La verdad esta raro... 
*
"También es sospechoso que el señor que dijo haberlos visto arriba de un tractor, ahora lo niega. Este señor fue a declarar y él y su mujer tienen fracturado el brazo derecho. Yo lo había visto el miércoles 9 de diciembre en el lugar del hallazgo y no tenía fracturado nada."*

Pero investigando un poco no tiene nada de raro:

*"¿Por qué motivo Fernando Pomar había adquirido un arma de fuego días antes de haber desaparecido?"*

Yo lo tengo que admitir. A mi eso de las conspiraciones al menos que tenga un sentido logico no tienen nada de extraño, plata y poder de por medio. Estos son los casos que no hay que darles vueltas al asunto.
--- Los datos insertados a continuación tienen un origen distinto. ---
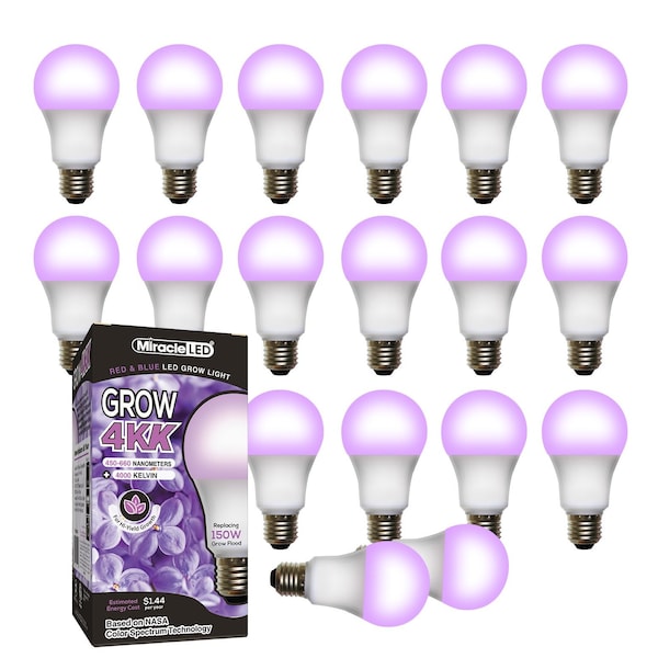 4KK Pro-Pack Indoor Grow Light Bulb, 4000K Red/Blue Spec. Replace 150W Grow Bulbs, 18PK
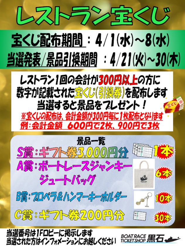 宝くじ配布期間:4月1日(水)~4月1日(水) |
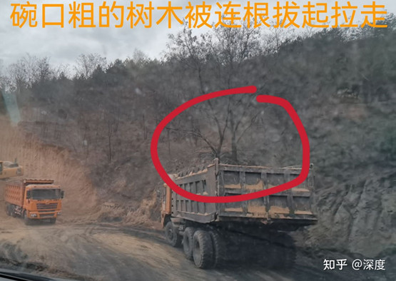 該廠打著填溝造地的名義,派大型挖掘機進入溝內(nèi)作業(yè),通過破壞溝兩側(cè)的退耕還林地,取土遮蓋煤矸石,掩蓋非法排污的行為。毀林現(xiàn)場,慘不忍睹。大量的樹木直接被挖機連根挖起,和黃土一并被卡車拉走,再倒在煤矸石堆上。
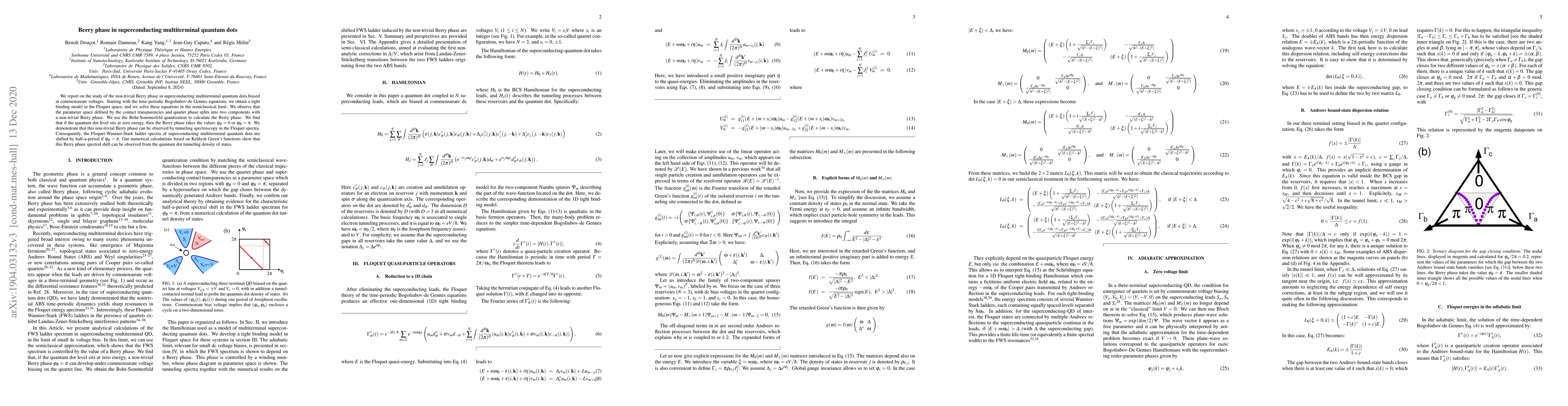 This paper investigates the non-trivial Berry phase in superconducting multiterminal quantum dots under periodic bias, revealing a parameter space split into two components with Berry phase values of $\varphi_B=0$ or $\varphi_B=\pi$. The study demonstrates that this phase shift can be detected via tunneling spectroscopy in the Floquet spectra.
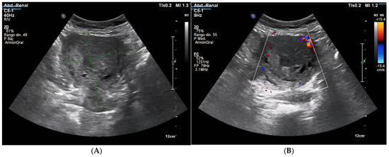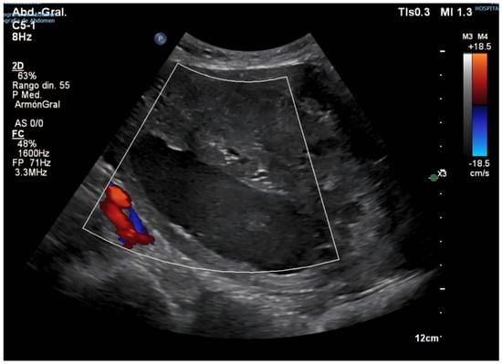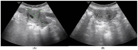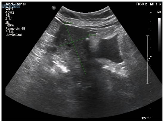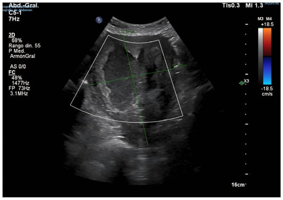 Following this intervention, the patient remained in institutional care, with no reported gynecological symptoms, such as postmenopausal bleeding, pelvic pain, or abnormal discharge. However, progressive uterine enlargement was intermittently noted on annual abdominal ultrasound examinations performed for hepatology follow-up over the subsequent four years (see Figure 2, Figure 3A,B and Figure 4). These findings were not accompanied by targeted pelvic imaging or gynecologic consultation, as the absence of acute or alarming symptoms led to a conservative observational approach by the care team. Consequently, no further endometrial sampling, hysteroscopic assessment, or cross-sectional pelvic imaging was undertaken during this period, and the progressive increase in uterine size was not systematically investigated until the onset of more overt clinical manifestations [20,21].
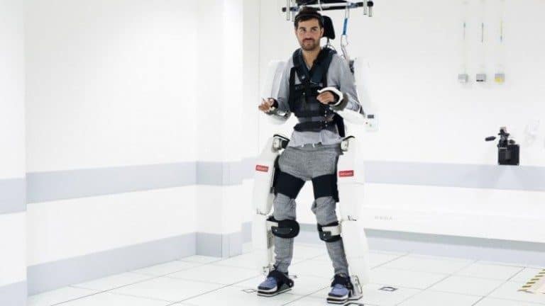 استعاد رجل مشلول قدرته على المشي بفضل بدلة هيكليّة خارجيّة يتحكم فيها عبر دماغه، كما أصبح قادراً على التحكم في ذراعيه ويديه باستخدام مستشعرَين آخرَين في دماغه أيضاً، وقد تمّت هذه التجربة بأمان داخل المُختبر. كان المريض أحد مواطني مدينة ليون يُدعى ثيبولت، وكان قد سَقَط من مسافة 12 متراً من شرفته قبل 4 سنوات؛ ممّا جعله مشلولاً من كتفيه وحتى أسفل جسمه.

*"Según un testigo de identidad reservada que sobrevuela el expediente de los medicamentos adulterados, la mencionada firma estaría involucrada en la confección de troqueles de medicamentos “truchos” utilizados para cobrar millonarios reembolsos a través de conocidas obras sociales sindicales"*

En verdad no lo entiendo Sr. Fernando. Tanta experiencia de la vida y duda de cosas tan obvias.

Le resuelvo todo el meollo del asunto, para que duerma bien.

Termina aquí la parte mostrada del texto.